According to standard ACMG guidelines, the rule for PP5 is: "Supporting: Reputable source reports variant as pathogenic." The evidence for this variant shows ClinVar reports it as VUS. Therefore, PP5 is not applied.

BA1

BA1 (Not Applied)

According to VCEP guidelines, the rule for BA1 is: "Stand Alone: gnomAD v4 MAF ≥0.28%." The evidence for this variant shows MAF=0.0177%, below threshold.
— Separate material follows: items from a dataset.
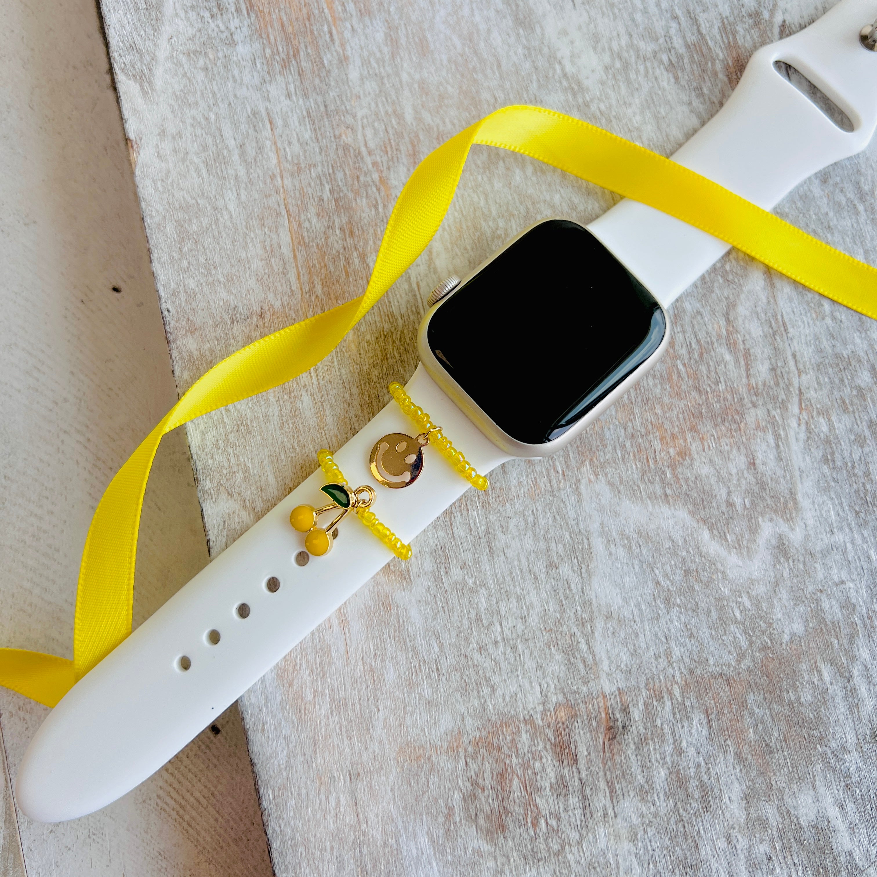 These super cute watch band accessories are suitable for Most Silicone band/leather bands. Designed as a loop ring that slides easily on your watch bands.( Compatible with Apple Watch Silicone Band suitable all Apple series 1-10 & SE, Samsung, & Versa Watch Bands.
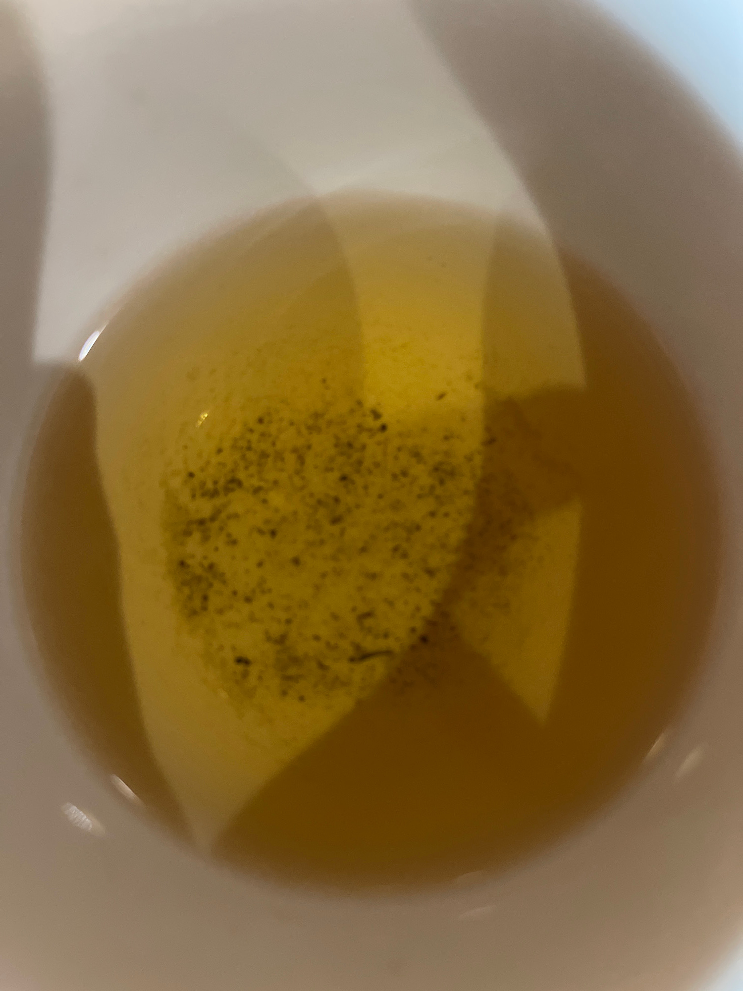 A top-down view of a white ceramic bowl filled with a translucent, yellow-brown liquid, possibly tea or broth. Dark, particulate matter is suspended within the liquid, concentrated in the center. The…read more
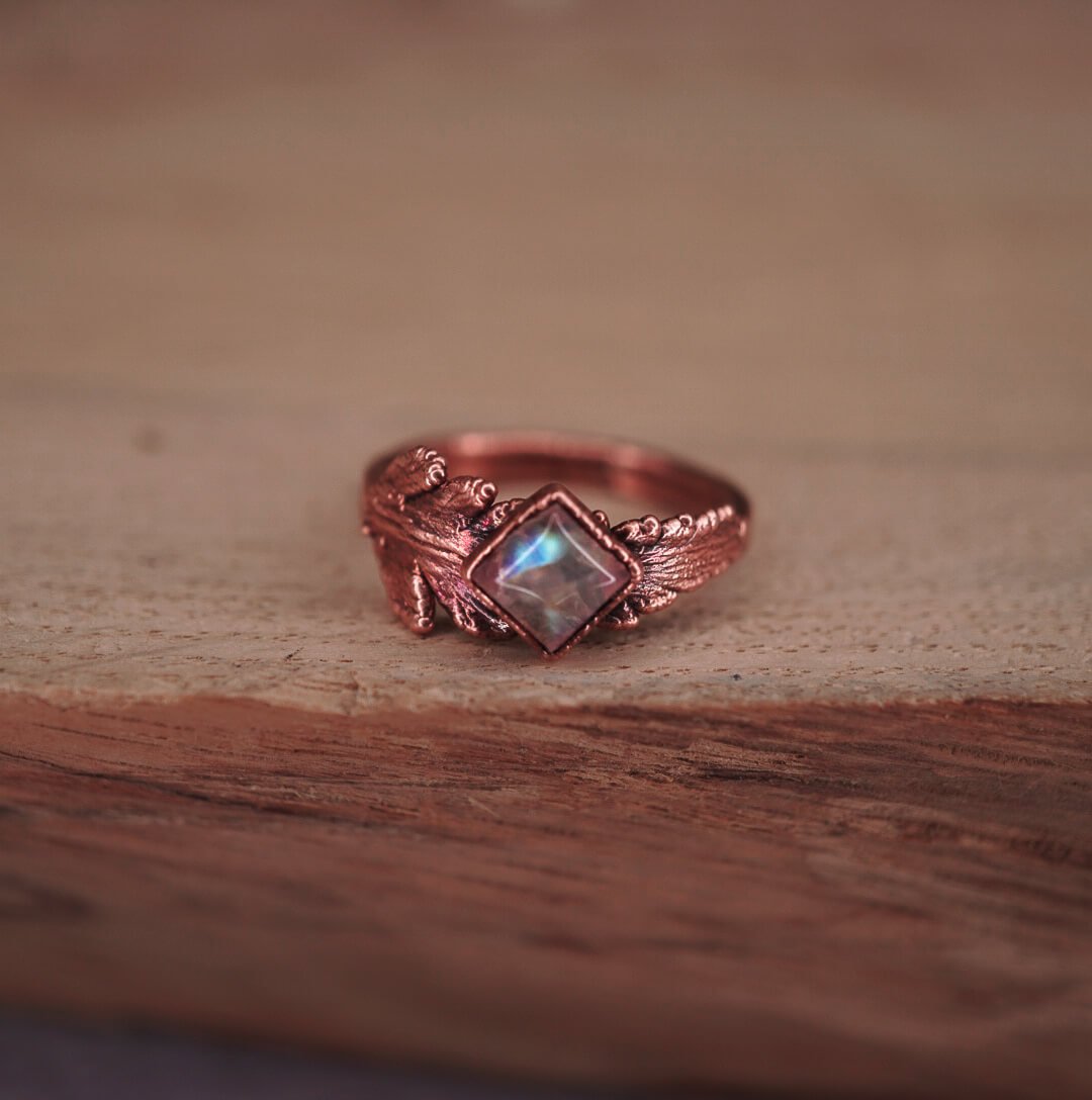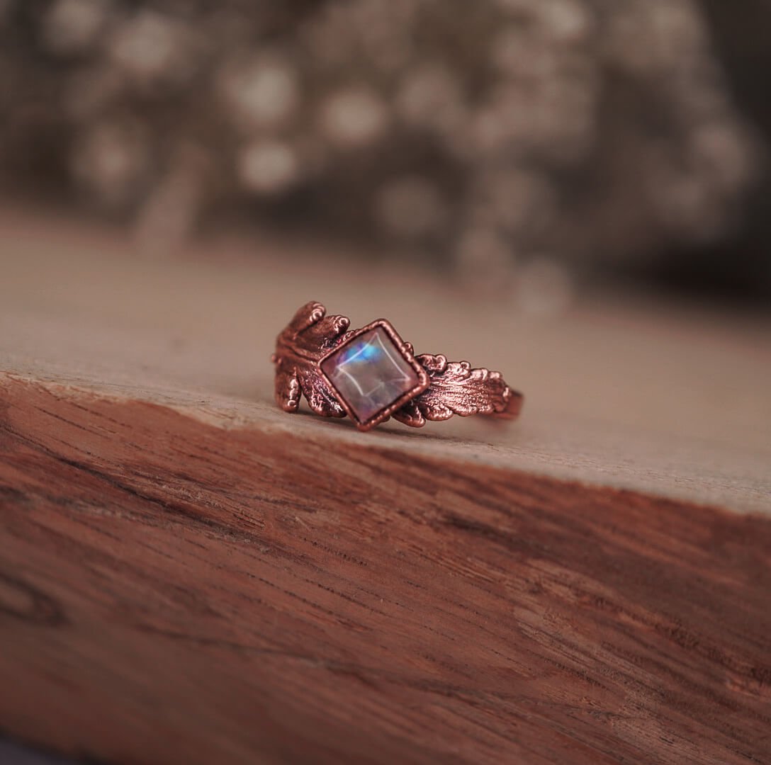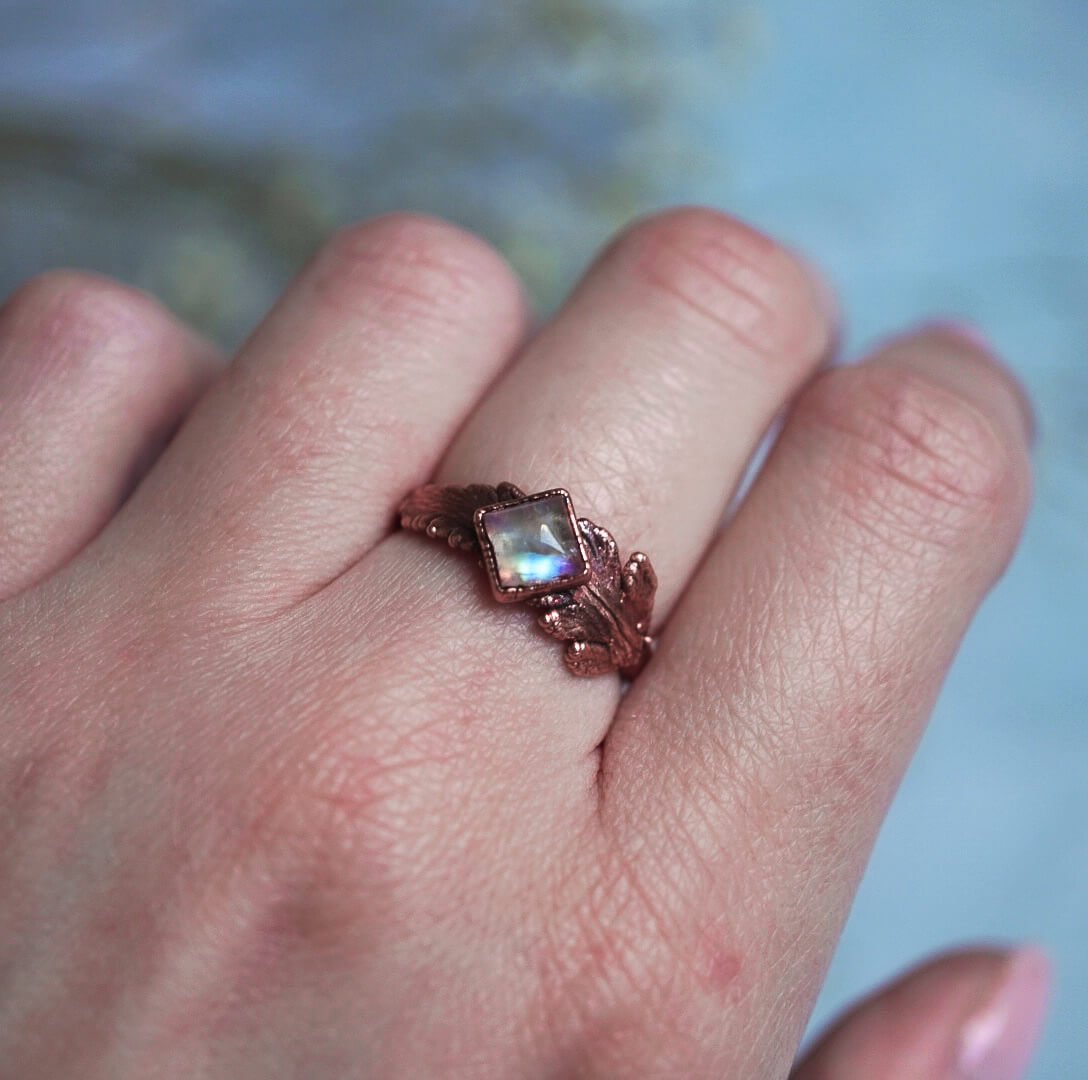 Handcrafted fern leaf ring with an iridescent moonstone, symbolizing intuition and peace. Size 15, inner diameter: 17.3 mm.
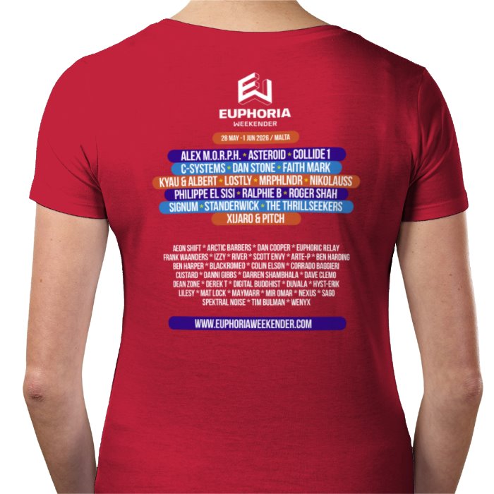 EW 2026 Red T-shirt with large logo on the front and the DJ line-up on the back.
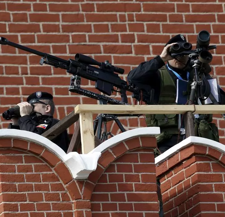 Наверняка, большинство из вас понимает, что для обеспечения безопасности во время проведения культурно - массовых мероприятий, усилий одной только полиции недостаточно. В связи с этим неудивительно, что с самого начала военного парада 9 мая на кремлёвских стенах и башнях свои позиции заняли специалисты ФСО со снайперскими винтовками. Основной целью снайперов на кремлёвских стенах является мониторинг окружающей обстановки, и моментальная реакция на любой вид угрозы. Безусловно, открывать огонь на дистанции более 1 километра будут лишь в самом крайнем случае. В то же время, снайперские винтовки Т-5000 от отечественной компании Ортис, которые стоят на вооружении всех российских спецслужб, без особых проблем справятся с этой задачей. Спросить непосредственно у самих снайперов, кого же они действительно охраняют у вас вряд ли получиться. При попытке вскарабкаться на стену Кремля у вас могут возникнуть серьёзные проблемы, вплоть до пулевых ранений. В случае обнаружения беспилотных летатель

Therefore, BA1 is not applied.

BS1

BS1 (Not Applied)

According to VCEP guidelines, the rule for BS1 is: "Strong: gnomAD v4 MAF ≥0.01% and <0.1%." The evidence for this variant shows a maximum MAF of 0.157% in South Asians, exceeding 0.1%. Therefore, BS1 is not applied.

BS2

BS2 (Not Applied)

According to VCEP guidelines, the rule for BS2 is: "Strong: Observed in trans with a pathogenic variant in a healthy adult." The evidence for this variant shows no such co-occurrence data. Therefore, BS2 is not applied.

BS3

BS3 (Not Applied)

According to VCEP guidelines, the rule for BS3 is: "Strong: Calibrated functional assays showing no functional impact (odds ≤0.05)." The evidence for this variant shows no functional assays. Therefore, BS3 is not applied.

BS4

BS4 (Not Applied)

According to standard ACMG guidelines, the rule for BS4 is: "Strong: Lack of co-segregation in affected family members." The evidence for this variant shows no segregation data. Therefore, BS4 is not applied.

BP1

BP1 (Supporting)

According to standard ACMG guidelines, the rule for BP1 is: "Supporting: Missense variant in a gene where truncating variants are the known mechanism of disease." The evidence for this variant shows PMS2 disease mechanism is loss-of-function and this is a missense change. Therefore, BP1 is applied at Supporting strength.

BP2

BP2 (Not Applied)

According to standard ACMG guidelines, the rule for BP2 is: "Supporting: Observed in trans with a pathogenic variant for a dominant disorder or in cis with a pathogenic variant." The evidence for this variant shows no such data. Therefore, BP2 is not applied.

BP3

BP3 (Not Applied)

According to standard ACMG guidelines, the rule for BP3 is: "Supporting: In-frame indel in a repetitive region without known function." The evidence for this variant shows it is a missense change. Therefore, BP3 is not applied.

BP4

BP4 (Supporting)

According to VCEP guidelines, the rule for BP4 is: "Supporting: SpliceAI predicts no impact with delta ≤0.1 or MAPP/PP2 prior <0.11." The evidence for this variant shows SpliceAI delta=0.01 indicating no splicing impact. Therefore, BP4 is applied at Supporting strength.

BP5

BP5 (Not Applied)

According to VCEP guidelines, the rule for BP5 is: "Supporting: Tumor data showing inconsistent loss of MMR protein on tumors with MSS or BRAF/MLH1 methylation patterns." The evidence for this variant shows no tumor data. Therefore, BP5 is not applied.

BP6

BP6 (Not Applied)

According to standard ACMG guidelines, the rule for BP6 is: "Supporting: Reputable source reports variant as benign." The evidence for this variant shows ClinVar reports it as VUS. Therefore, BP6 is not applied.

BP7

BP7 (Not Applied)

According to standard ACMG guidelines, the rule for BP7 is: "Supporting: Synonymous or intronic variant without splicing impact." The evidence for this variant shows it is missense. Therefore, BP7 is not applied.